Quite unexpectedly, as Vasserot
The armless ambidextrian was lighting
A match between his great and second toe,
And Ralph the lion was engaged in biting
The neck of Madame Sossman while the drum
Pointed, and Teeny was about to cough
In waltz-time swinging Jocko by the thumb--
Quite unexpectedly the top blew off:

And there, there overhead, there, there hung over
Those thousands of white faces, those dazed eyes,
There in the starless dark the poise, the hover,
There with vast wings across the cancelled skies,
There in the sudden blackness the black pall
Of nothing, nothing, nothing--nothing at all.

Archibald MacLeish was writing about “The End of the World.” We have had many a frisson from literary versions of apocalypse. But 1984 came and went; 2000 came and went; and the world goes on.
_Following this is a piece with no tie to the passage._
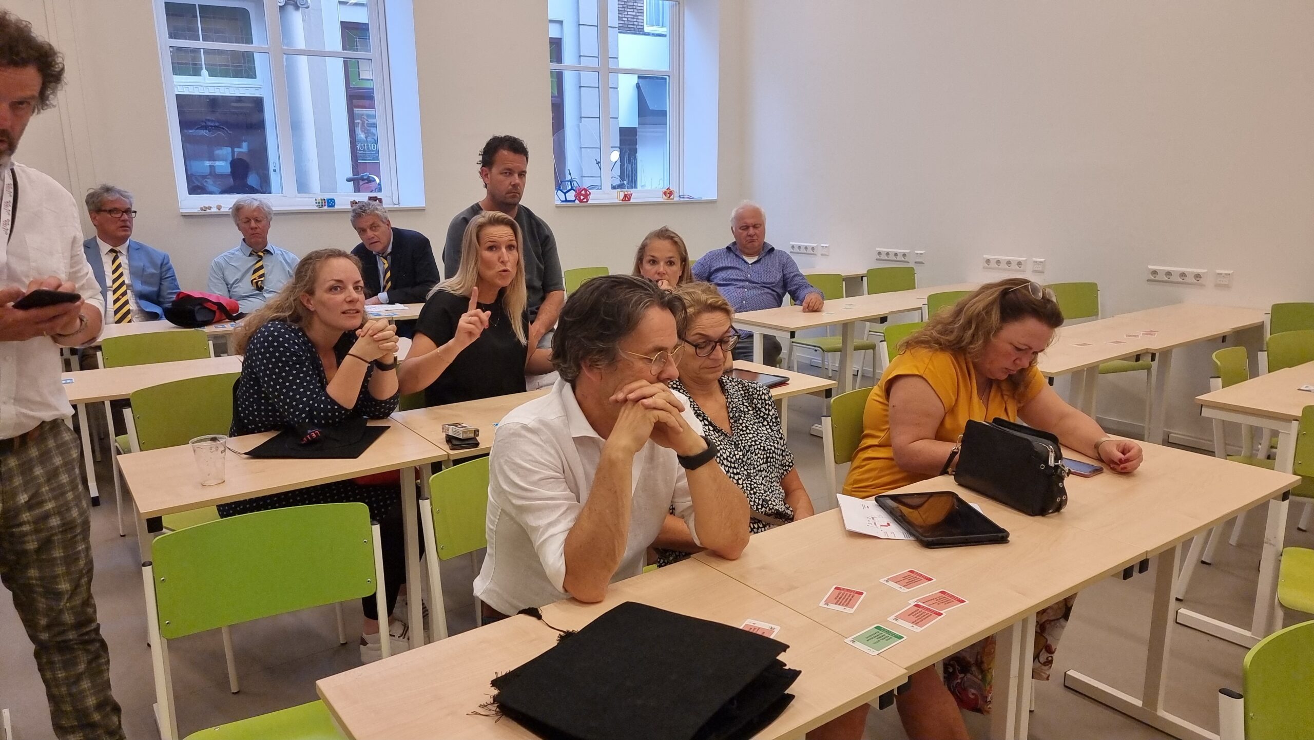 Aansluitend begon de quiz. Via een iPad kreeg elk team talloze vragen over Leiden voorgeschoteld die op een hele series locaties binnen Minerva, maar ook bij het naastgelegen mboRijnland-gebouw beantwoord moesten worden. Thema was dan ook ‘Terug naar School’. Het leverde een voor de hand liggende winnaar op. Het Bonaventura College Leiden met 189 punten. Tweede werd gastheer Minerva met 178 punten en Prima Management eindigde op plek 3 met 172 punten.

Perhaps what MacLeish was really writing about was the absence of a medium. I can’t tell you where media come from: speculations about that subject go well beyond the boundaries of this panel into the mysterious areas of human thinking and creativity.  Even panels must leave themselves open to mystery. But I can tell you this: it is possible, even after all these years, that Plato was wrong, and that we must make an effort to think in a different way if we are to encounter reality at all. What I found as I considered the subject of “poetry and the media” was the concept of mind as something separate and apart from its manifestations--its “media.” But what if mind is a kind of medium? What if its manifestations are all we have of mind? In any case, where there are media, there are poems, and where there are no media there are no poems, no thought, no interchange, no ideas, no love, no error, no speech, no intercourse, no— [gesture towards infinity]  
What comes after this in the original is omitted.